Coherent and semiclassical states in magnetic field in the presence of the Aharonov-Bohm solenoid

TL;DR

This paper introduces a novel method for constructing coherent and semiclassical states in magnetic fields with Aharonov-Bohm solenoids, accounting for topological effects and different trajectory types.

Contribution

It presents a new approach to build coherent and semiclassical states considering the topological influence of the AB solenoid, applicable to both nonrelativistic and relativistic particles in various dimensions.

Findings

Constructed two types of CS/SS for trajectories embracing or not embracing the solenoid.

Provided a classification of CS parameters for quantum and semiclassical states.
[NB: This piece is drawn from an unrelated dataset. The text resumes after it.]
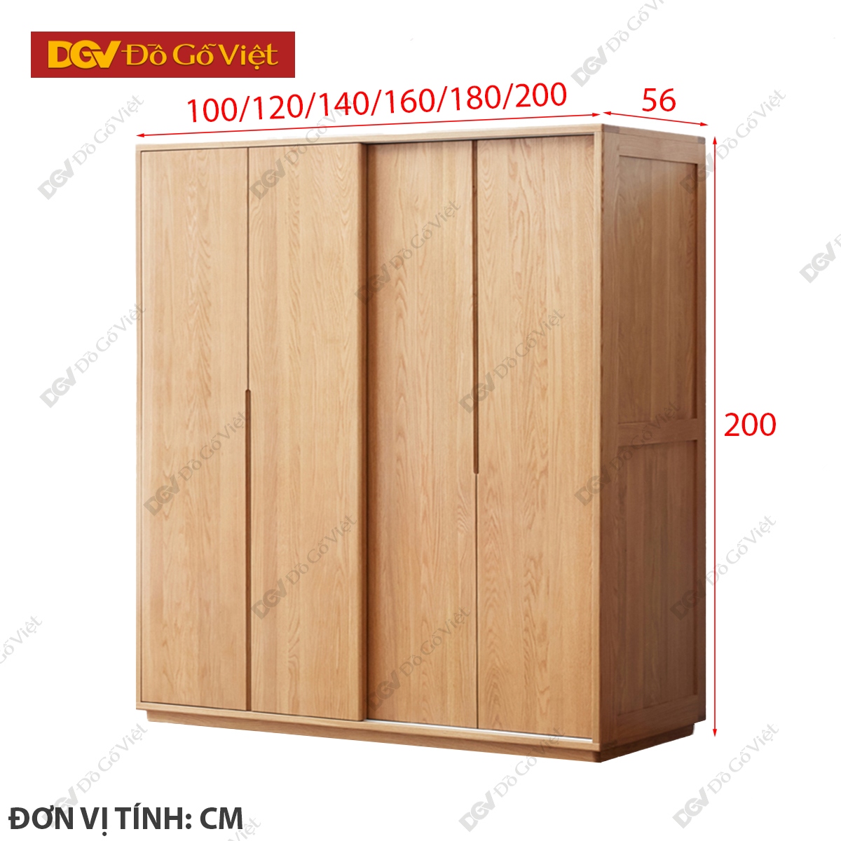Tủ Đựng Quần Áo Cửa Lùa Gỗ Cao Su Veneer Sồi Đẹp Giản Dị
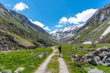 Von Mayrhofen bis nach Bärenbad schlängelt sich eine schmale Straße durch das Zillertal. Tagespreis für die Mautstraße beträgt € 8,00 pro PKW (Stand 2020). Geöffnet hat diese von Mitte Juni bis Oktober, daher ist das auch die beste Zeit für eine Wanderung. Der PKW-Verkehr ist hier sehr stark eingeschränkt. Gerade mal 100 PKWs dürfen pro Tag zum Zillergrund Stausee fahren. Gleich bei Beginn der Straße wirst du merken, dass die Mautstraße zum Zillergrund Stausee eine beliebte Radstrecke ist, daher bitte vorsichtig Fahren (außerdem sind alle paar Meter auch Kühe auf der Straße unterwegs). Für Autos endet die Straße nach ca. 30 Minuten beim kostenlosen Parkplatz Bärenbadalm. Von hier aus verkehrt wieder der normale Linienbus, mit dem du in knapp 10 Minuten zum Stausee Zillergrund fahren kannst. Wenn du lieber wanderst, so wie wir, dann geht ein Wanderweg rauf zum Stausee und im Anschluss zur Klein Tibet Hohenaualm. Dieser ist leicht, ungefährlich und sehr gut beschildert.

Applied the method to systems with nonquadratic Hamiltonians.

Abstract

A new approach to constructing coherent states (CS) and semiclassical states (SS) in magnetic-solenoid field is proposed. The main idea is based on the fact that the AB solenoid breaks the translational symmetry in the xy-plane, this has a topological effect such that there appear two types of trajectories which embrace and do not embrace the solenoid. Due to this fact, one has to construct two different kinds of CS/SS, which correspond to such trajectories in the semiclassical limit. Following this idea, we construct CS in two steps, first the instantaneous CS (ICS) and the time dependent CS/SS as an evolution of the ICS. The construction is realized for nonrelativistic and relativistic spinning particles both in (2+1)- and (3+1)- dimensions and gives a non-trivial example of SS/CS for systems with a nonquadratic Hamiltonian. It is stressed that CS depending on their parameters (quantum numbers) describe both pure quantum and semiclassical states. An analysis is represented that classifies parameters of the CS in such respect. Such a classification is used for the semiclassical decompositions of various physical quantities.